Protect Parental Rights and Genetic Privacy: Oppose H.R. 4709
Our Stand: At-A-Glance
- There’s a “genomics global race” led by China. Kevin Kelly of BGI Genomics is quoted in an article titled, “China to Achieve First Nationwide Gene Database by 2049” saying, “If every person could undergo genome sequencing at birth and have that data linked to their digital medical records, the country would possess an enormous genetic repository.”
- Here in the U.S., The Newborn Screening Saves Lives Reauthorization Act of 2025 (H.R. 4709), paves the way for the U.S. to participate. At what cost?
- While H.R. 4709 never uses the words genomic or genome sequencing, the broadened authority, new grant language, and expanded data-infrastructure provisions makes it possible for federal funds and programs to support whole genome sequencing (WGS) of healthy babies tied to newborn screening (NBS).

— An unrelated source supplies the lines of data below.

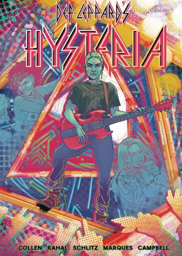 Def Leppard's Hysteria #0, the origin of the world's most dangerous guitar! Written by Phil Collen (Def Leppard) and Eliot Rahal (Bleed Them Dry) with art by Alex Schlitz and Fabi Marques. When Foz, the frontwoman of indie band Darkside, inherits her father's estate, it comes with a guitar she half-remembers from her childhood. The guitar speaks to her, promising fame and success. Soon, it delivers. But when Darkside's equipment is stolen at a massive music venue, just before they're set to take the stage with Def Leppard, Foz goes on the warpath to get it back. A knuckle-dusting rampage ensues, and the guitar's true history is revealed.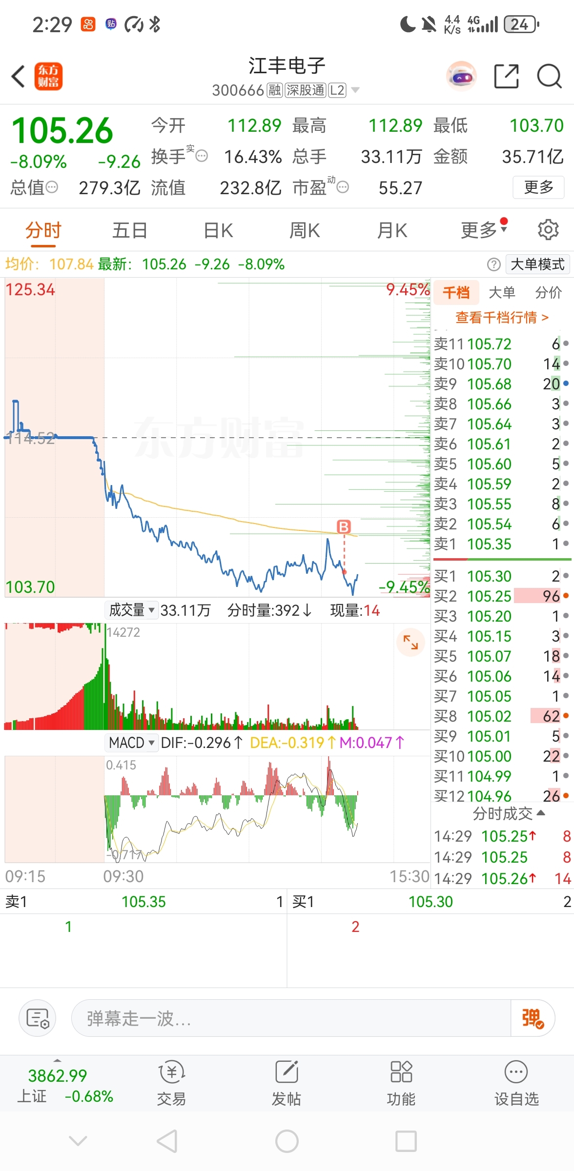 $江丰电子(SZ300666)$ 尾盘弄了这个,明天主力又要拉了,今天割韭菜割的好狠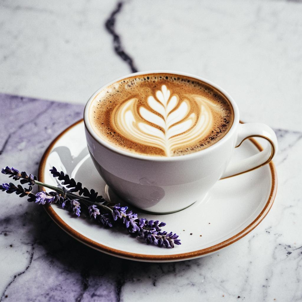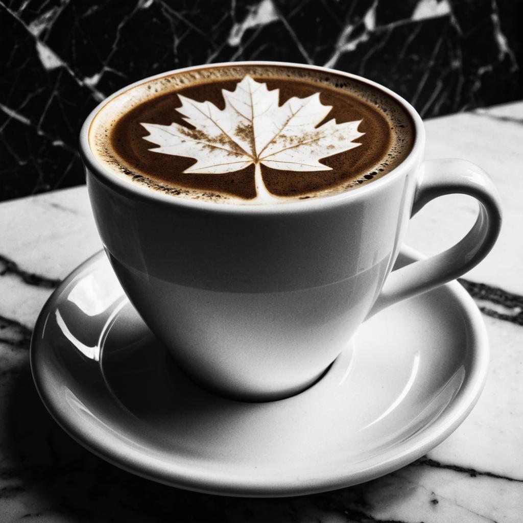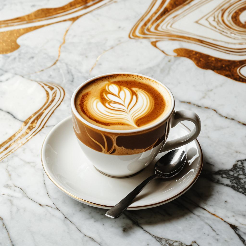Latte coffee cup with butterscotch, in the style of Impressionism, intricately textured, nostalgic atmosphere, UHD image, marble background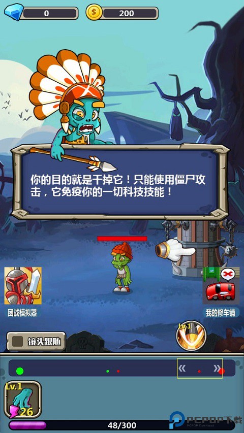 在这里玩家的主要目标就是干掉对方的基地,只能使用僵尸攻击,它免疫您的一切科技技能!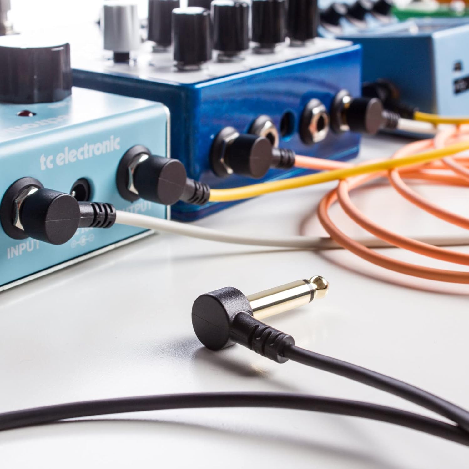 Candycords by myVolts: Sweet colours, precise design.Unique family of coloured curly audio cables. Tangle-free, hard-wearing and expertly finished.myVolts Candycords audio cables were developed in collaboration with musicians in real scenarios to fulfill their needs and solve their problems. We've worked hard to make them the best cables out there.The ConnectorThe Candycords feature high quality gold plated 3.5mm jack connectors as well as 6.35mm in straight or right angle configurations.These have a clean yet robust design.You can hear a solid 'snap-crunch' when you plug them in, but that is no gimmick, it's the sound of a well made connector fitting well into its slot.The CableWe designed the cables using a special thermoplastic rubber that makes them hardwearing while comfortable to handle. With this, we also solved the problem of tangled cables. Our Candycords are virtually untangleable.Cable Specification:1st connector: flat mono 6.35mm jack angled2nd connector: flat mono 6.35mm jack angledcable shape: straightcables length: 13.75''cables colours: Powder Grey, Sunset Peach, Marshmallow Pink, Jellybean Purple, Mint Green, Pineapple Yellow, Liquorice Blackcables in pack: 7 cables
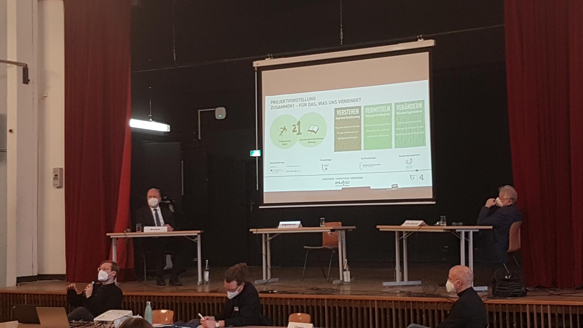 Nach Begrüßung, inhaltlicher Einführung und Vorstellung der Referenten durch Schulleiter Gerrit Ulmke bzw. Veranstaltungsleiter Felix Kraft, begann Luis Engelhardt, Leiter des Präventionsprojekts „Zusammen1“ bei Makkabi Deutschland e.V., den 94 Schülerinnen und Schülern der vier 10. Klassen die gesellschaftliche Ausnahmerolle Makkabi Deutschlands sowie den Unterschied zu anderen Vereinen zu erklären.

- How: H.R. 4709 strengthens support for and allows for development and funding of new screening tests/methods. The bill also supports lifetime tracking of individual data and cross-border data harmonization.

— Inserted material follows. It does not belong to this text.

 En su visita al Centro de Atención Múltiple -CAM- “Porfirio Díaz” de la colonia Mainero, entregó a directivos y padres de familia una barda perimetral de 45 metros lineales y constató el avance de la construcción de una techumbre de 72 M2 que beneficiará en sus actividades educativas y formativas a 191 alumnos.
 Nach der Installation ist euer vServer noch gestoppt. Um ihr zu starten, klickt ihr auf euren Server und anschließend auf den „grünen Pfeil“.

- With NIH’s announcement of BEACONS–Building Evidence and Collaboration for GenOmics in Nationwide Newborn Screening–and the Chinese-led agenda to sequence every person, this is an emergent concern.
- To protect families, privacy and informed consent, we need all provisions of H.R. 4709 that allow funding of genomic screenings and/or support national and international surveillance of DNA to be removed.
- Because NBS happens automatically without informing, this expansion could lead to federal tracking and storage of genetic data for millions of children without true informed consent and act as a funnel into experimental and dangerous gene therapy for healthy newborns.
- NBS was created to detect a handful of metabolic disorders. WGS goes far beyond that, uncovering information about potential adult-onset conditions and gene mutations that might not ever cause a problem.
- Why It Matters
- Privacy: A genome can never be “unshared.” Once collected, it may be linked to medical, insurance, or government databases for decades.
- Informed Consent: Will parents know how the data will be used, the specific issues being screened for and the probabilities of those issues ever becoming a problem or the experimental nature of the treatment?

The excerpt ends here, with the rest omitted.